Иван Аполлинарьевич женину руку сжал, глаза от страха зажмурил, а жена его трясет за плечо, и будильник под ухом звенит, надрывается.
Открыл он глаза, а уже утро, десять часов с гаком. Жена смотрит удивлённо, не понимает, зачем он её руки не отпускает. А самой, видать, приятно. Мыши под полом шуршат, за окном Егор Сидорович у себя на крыльце – кошку гладит, по радио Пятый концерт Композитора играют и до выборов ещё полгода почти…
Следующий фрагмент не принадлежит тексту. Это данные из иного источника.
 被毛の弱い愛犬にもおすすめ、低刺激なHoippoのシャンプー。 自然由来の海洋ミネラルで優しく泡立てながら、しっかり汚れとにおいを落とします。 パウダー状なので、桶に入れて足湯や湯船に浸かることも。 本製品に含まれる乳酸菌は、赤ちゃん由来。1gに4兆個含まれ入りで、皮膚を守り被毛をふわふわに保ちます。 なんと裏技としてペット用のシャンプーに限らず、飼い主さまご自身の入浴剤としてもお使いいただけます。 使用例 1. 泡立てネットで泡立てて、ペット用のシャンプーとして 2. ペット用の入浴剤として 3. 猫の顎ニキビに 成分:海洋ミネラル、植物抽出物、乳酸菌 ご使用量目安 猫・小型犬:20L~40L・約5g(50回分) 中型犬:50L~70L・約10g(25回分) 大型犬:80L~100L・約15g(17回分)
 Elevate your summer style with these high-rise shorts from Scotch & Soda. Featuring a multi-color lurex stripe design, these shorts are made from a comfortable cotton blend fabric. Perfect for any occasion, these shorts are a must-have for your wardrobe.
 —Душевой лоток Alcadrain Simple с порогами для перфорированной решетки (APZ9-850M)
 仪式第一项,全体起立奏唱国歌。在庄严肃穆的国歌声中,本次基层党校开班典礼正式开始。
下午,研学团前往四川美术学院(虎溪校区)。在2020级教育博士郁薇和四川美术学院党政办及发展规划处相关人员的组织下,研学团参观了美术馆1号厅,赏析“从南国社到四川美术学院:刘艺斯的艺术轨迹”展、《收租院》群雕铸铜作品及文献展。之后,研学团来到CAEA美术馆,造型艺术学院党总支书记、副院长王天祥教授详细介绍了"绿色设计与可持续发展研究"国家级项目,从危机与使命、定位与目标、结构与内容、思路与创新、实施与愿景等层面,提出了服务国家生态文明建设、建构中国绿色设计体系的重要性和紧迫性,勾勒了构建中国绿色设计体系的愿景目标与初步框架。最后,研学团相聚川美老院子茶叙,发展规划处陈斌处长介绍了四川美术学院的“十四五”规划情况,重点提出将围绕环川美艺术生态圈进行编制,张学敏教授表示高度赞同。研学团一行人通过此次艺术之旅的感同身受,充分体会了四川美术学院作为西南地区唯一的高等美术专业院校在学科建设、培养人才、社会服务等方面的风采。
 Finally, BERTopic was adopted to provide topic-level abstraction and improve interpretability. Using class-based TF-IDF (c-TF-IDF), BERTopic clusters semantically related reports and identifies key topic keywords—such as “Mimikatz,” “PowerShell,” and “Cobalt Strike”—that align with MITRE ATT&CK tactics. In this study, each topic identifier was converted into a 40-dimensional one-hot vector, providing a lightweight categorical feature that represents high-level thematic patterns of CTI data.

– Ну, кажется, обошлось, – вздохнул облегченно Иван Аполлинарьевич, и пошёл убирать на антресоли сумку со шлемами мотоциклетными, биноклями и оставшимися пластиковыми фолларами.
Преображение Ивана Аполлинарьевича
С самого утра настроение у Ивана Аполлинарьевича не заладилось. И было почему – очередные выборы на носу, а у жены все платья надёванные, выйти не в чем, и на бакъярде творится чёрт те что, сорняки сплошные. Мыши вот ещё.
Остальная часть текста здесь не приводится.